Halappanavar’s husband and friends gave accounts of her life and of her final days in the hospital. The public also saw videos of her full off life. O’Halloran said he believed that a deeply ingrained sense of responsibility that Irish people feel for visitors and newcomers weighed heavily on the conscience of the nation.

“The fact that all of those old, ideological hang-ups contributed to her death, and the fact that she and her husband were told, ‘This is a Catholic country, we can’t help you’ — that really brought terrible shame on us,” O’Halloran said.

Halappanavar’s parents gave permission for her image to be used by the campaign to repeal the amendment.

“I hope that the people in Ireland will remember the fate of our daughter Savita on the day of the referendum and vote ‘yes’ so that what happened to us won’t happen to other families,” her father, Andanappa Yalagi, said in a video clip posted by the Together for Yes campaign before the vote.

Many voters did remember her.

When the landslide vote in favor of repealing the amendment was announced Saturday at Dublin Castle, Halappanavar’s name was on the lips of supporters. They chanted “Savita” and held posters of her image. Yalagi told The Irish Times on Saturday that his family was “really, really happy” to hear that the abortion ban had been lifted.

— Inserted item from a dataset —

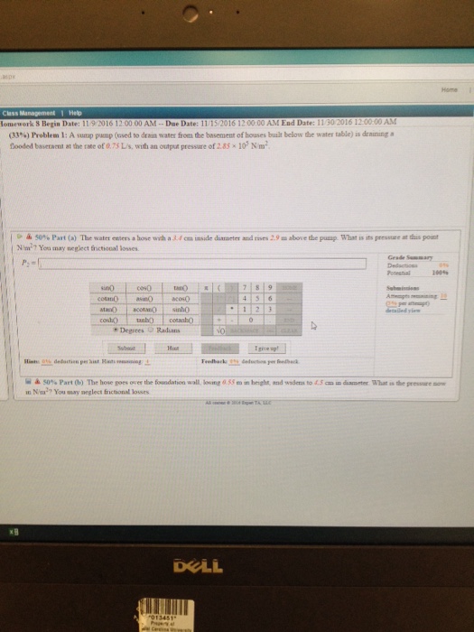Solved A Sump Pump Used To Drain Water From The Basement

Ireland now plans to introduce legislation to allow for relatively unrestricted abortions up until 12 weeks of pregnancy, subject to consultation with a doctor and a short waiting period. Beyond 12 weeks of pregnancy, termination would still be possible — up to 24 weeks — if two doctors determined that a woman’s life was threatened by the pregnancy or that there was serious risk to her health.

The government said it hoped to pass the measure into law by the end of the year.

“We have one last request — that the new law, that it is called ‘Savita’s Law,’” Yalagi said. “It should be named for her.”